═══ Dataset records

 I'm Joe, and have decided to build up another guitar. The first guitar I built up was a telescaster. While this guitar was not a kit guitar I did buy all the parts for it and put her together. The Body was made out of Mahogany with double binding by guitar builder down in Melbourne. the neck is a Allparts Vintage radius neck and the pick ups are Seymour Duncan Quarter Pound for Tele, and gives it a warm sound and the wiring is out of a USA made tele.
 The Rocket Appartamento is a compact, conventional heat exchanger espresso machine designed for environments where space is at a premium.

══════
═══ Dataset records

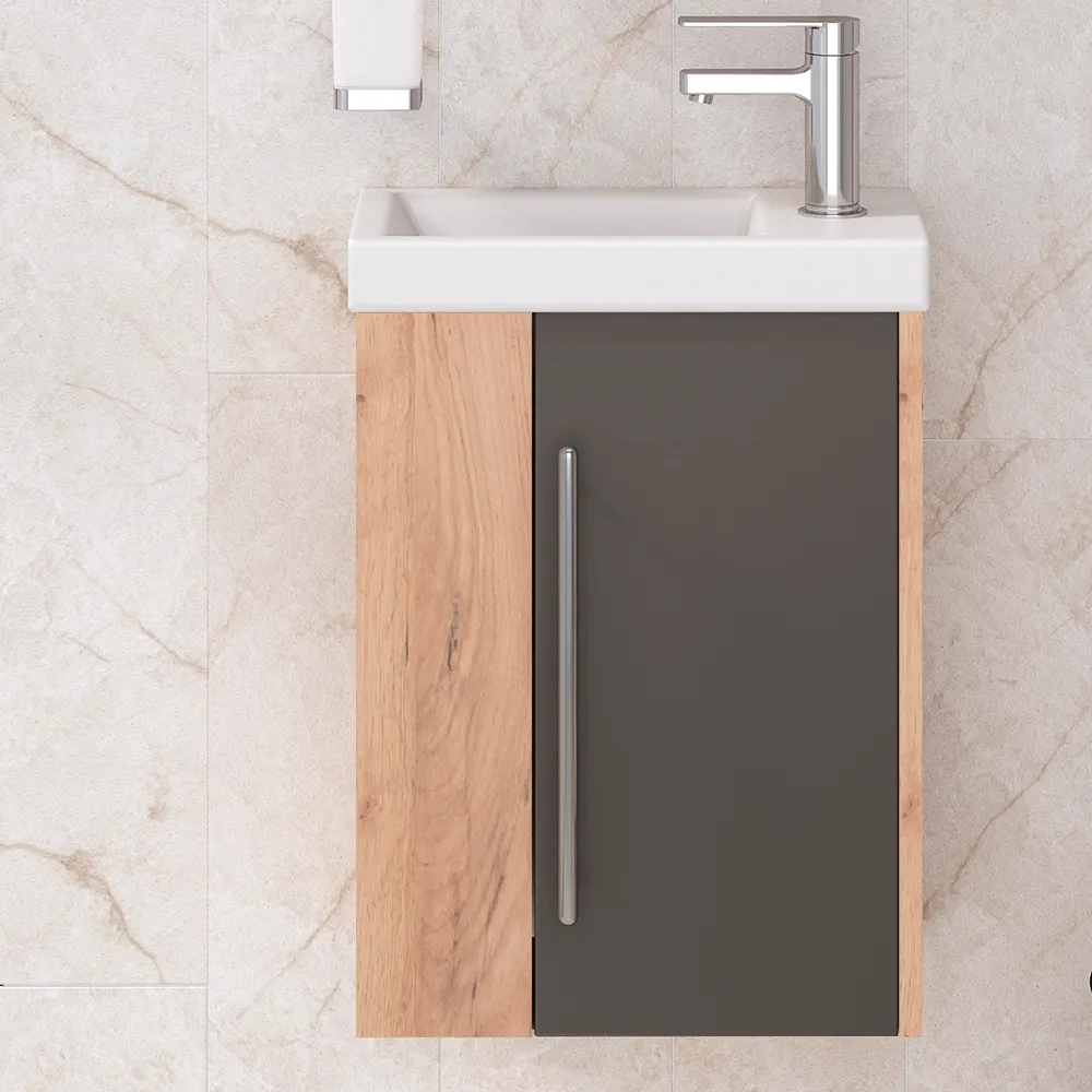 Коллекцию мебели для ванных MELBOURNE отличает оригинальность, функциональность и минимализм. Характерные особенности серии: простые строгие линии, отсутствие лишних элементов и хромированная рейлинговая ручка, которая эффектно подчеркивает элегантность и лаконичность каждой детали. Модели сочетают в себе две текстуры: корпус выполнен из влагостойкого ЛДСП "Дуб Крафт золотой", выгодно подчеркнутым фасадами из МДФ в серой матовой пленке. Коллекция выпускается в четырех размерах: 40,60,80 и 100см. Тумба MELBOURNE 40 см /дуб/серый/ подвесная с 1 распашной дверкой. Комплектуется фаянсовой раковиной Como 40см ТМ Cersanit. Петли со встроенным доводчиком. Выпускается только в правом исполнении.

══════

Task item
For this task, write out exactly the lines of the entries above, starting at the line with "I'm Joe, and" and ending at the line with "The Rocket Appartamento", both included, and no others.

Solution for this exercise
 I'm Joe, and have decided to build up another guitar. The first guitar I built up was a telescaster. While this guitar was not a kit guitar I did buy all the parts for it and put her together. The Body was made out of Mahogany with double binding by guitar builder down in Melbourne. the neck is a Allparts Vintage radius neck and the pick ups are Seymour Duncan Quarter Pound for Tele, and gives it a warm sound and the wiring is out of a USA made tele.
 The Rocket Appartamento is a compact, conventional heat exchanger espresso machine designed for environments where space is at a premium.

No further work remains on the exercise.